That is what they seem to be labeled. I had always assumed that these "banks" were on 020+ but when I went back and reread the book it said 68000 and I didn't believe it until I looked up a Pin diagram of a 68000 and there were the pins. :eek:
I had figured that out. It seems they work differently from good old C64 banking out the ROM to get at the RAM underneath. But nevertheless my documentation says they are usable.
All I know is, the first 680x0 Asm book I ever bought (1985?) described this as separate usable banks of RAM that could be wired separately to literal different banks of RAM. But it says you can't use all 8 banks (don't know why, maybe because they were "reserved").
I reread it a few hours ago. Its all in there. It is of course possible that he did not word things quite right or that I am misunderstanding something....
But what is the purpose of the pins on 68000. u r saying they are like for an external MMU to write protect the CODE bank and that would be about it.
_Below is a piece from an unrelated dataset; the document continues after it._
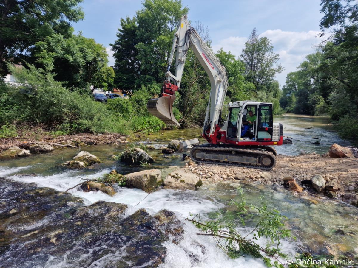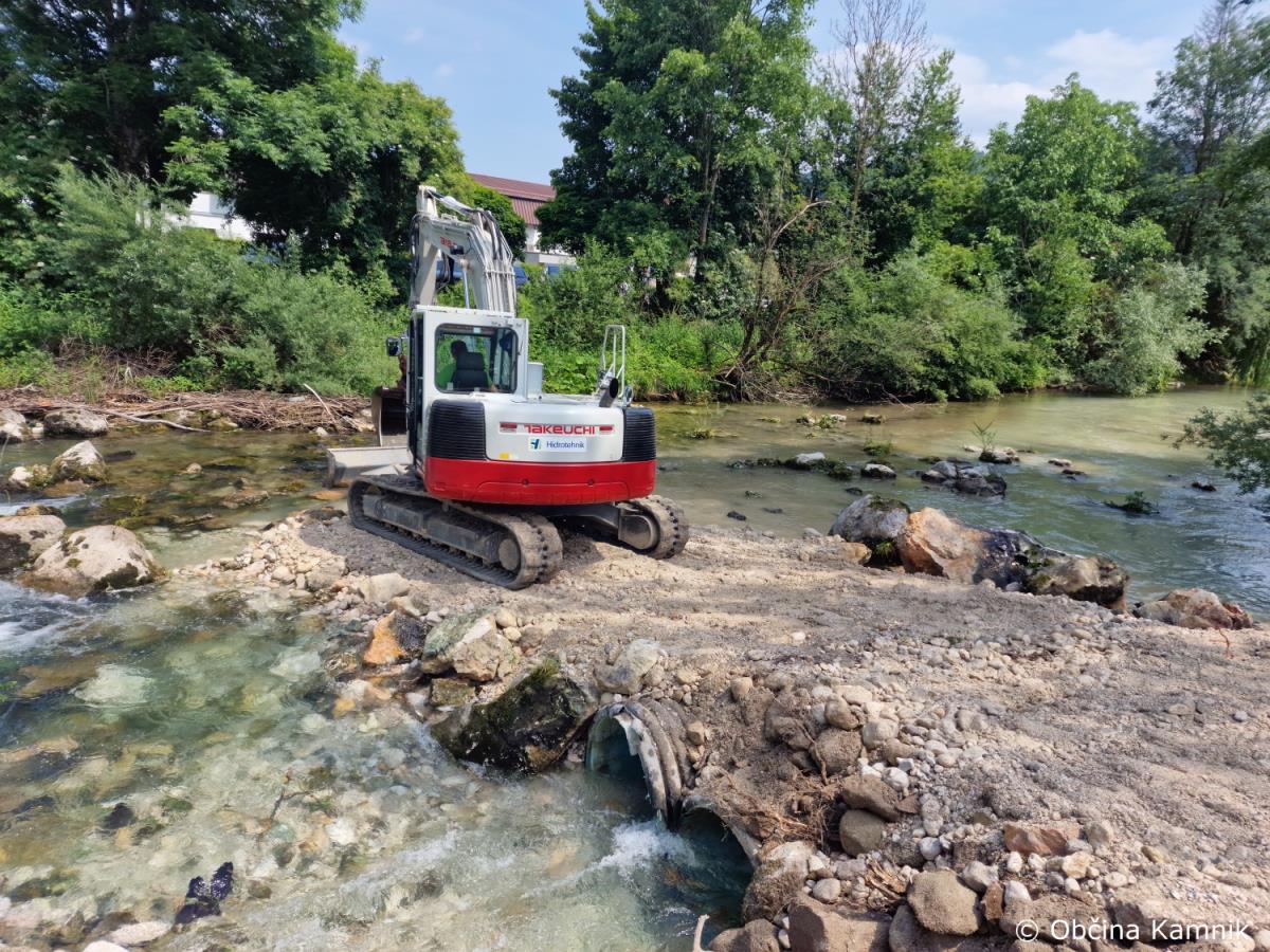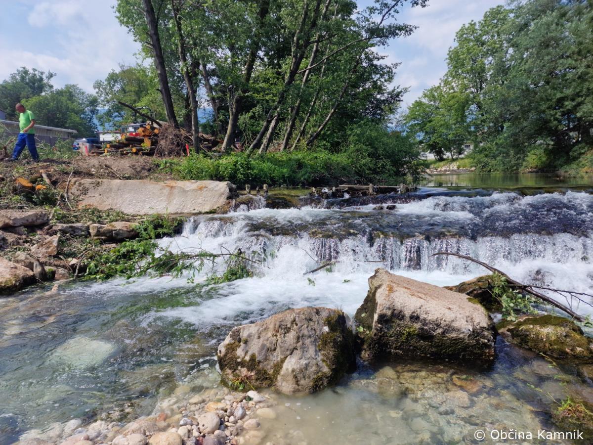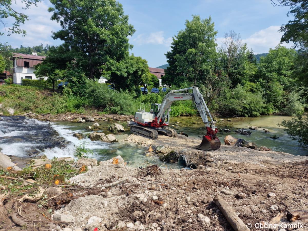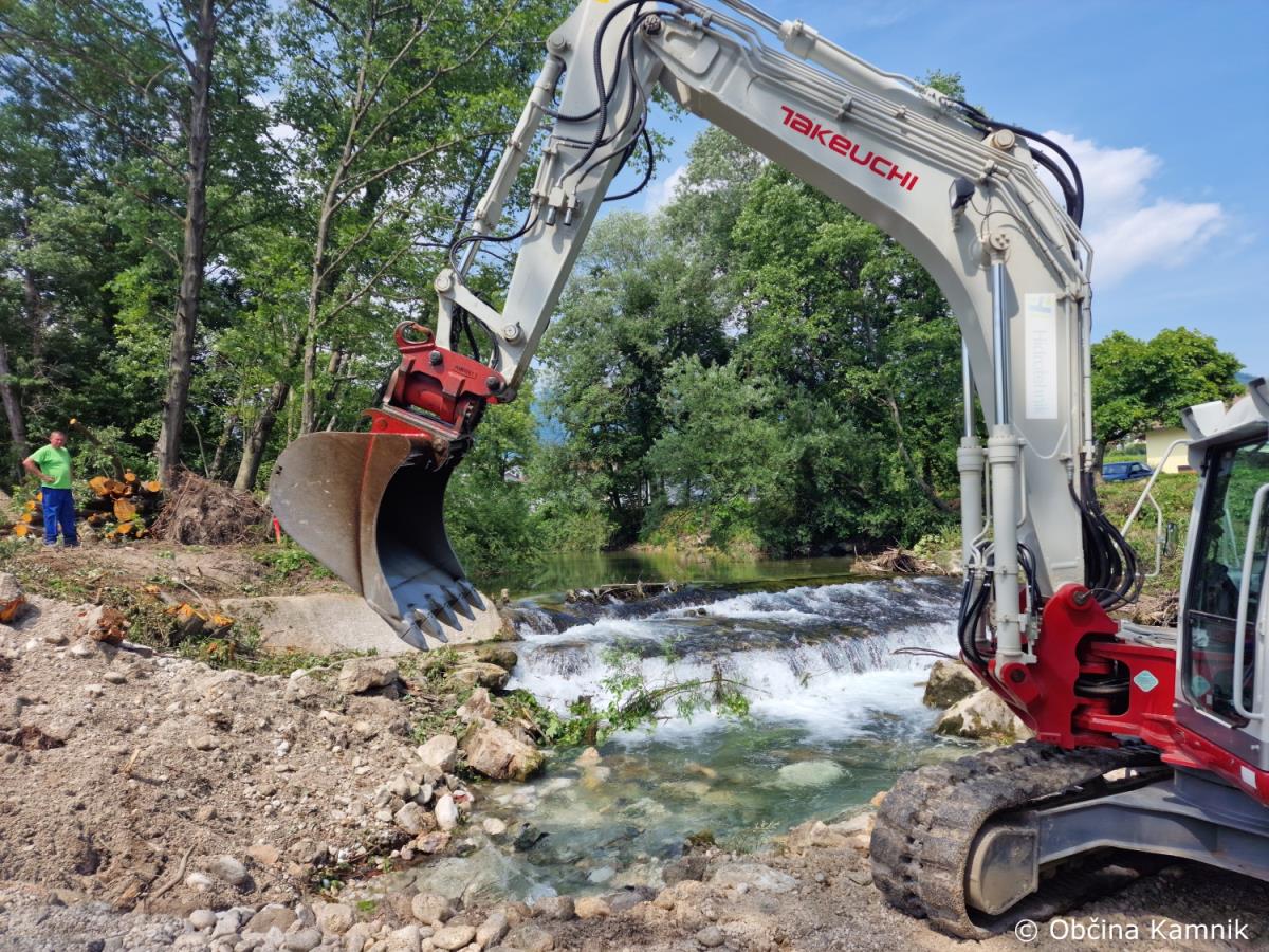 Sanacija pragu in ureditev brežin vodotoka Kamniške Bistrice se nadaljuje.

I say if the pins exist on an 060 then they can be wired up on the ram card as extra address lines. And the MMU could still do its thing. I don't see any reason why one must conflict with the other.
FC0-FC2 are used for systems that separate user data, user instruction, supervisor data and supervisor instruction into separate memory banks. In theory this expands your capacity and could prevent buffer overflow attacks somewhat like DEP on newer x86.
It's not user accessible though, it's fully controlled by the CPU involuntarily. When it fetches an instruction, those pins would bank select the user instruction bank, then when it fetches the data for that instruction, they toggle to the user data bank. In supervisor mode, it selects the supervisor banks instead.
These are just set by the CPU along with the address strobe, no user intervention is even possible, so the hardware and operating system have to be designed from the beginning to work this way or ignore them and have one big chunk of memory.
By the time the 060 was made it was pretty clear nobody was using them so they just went away.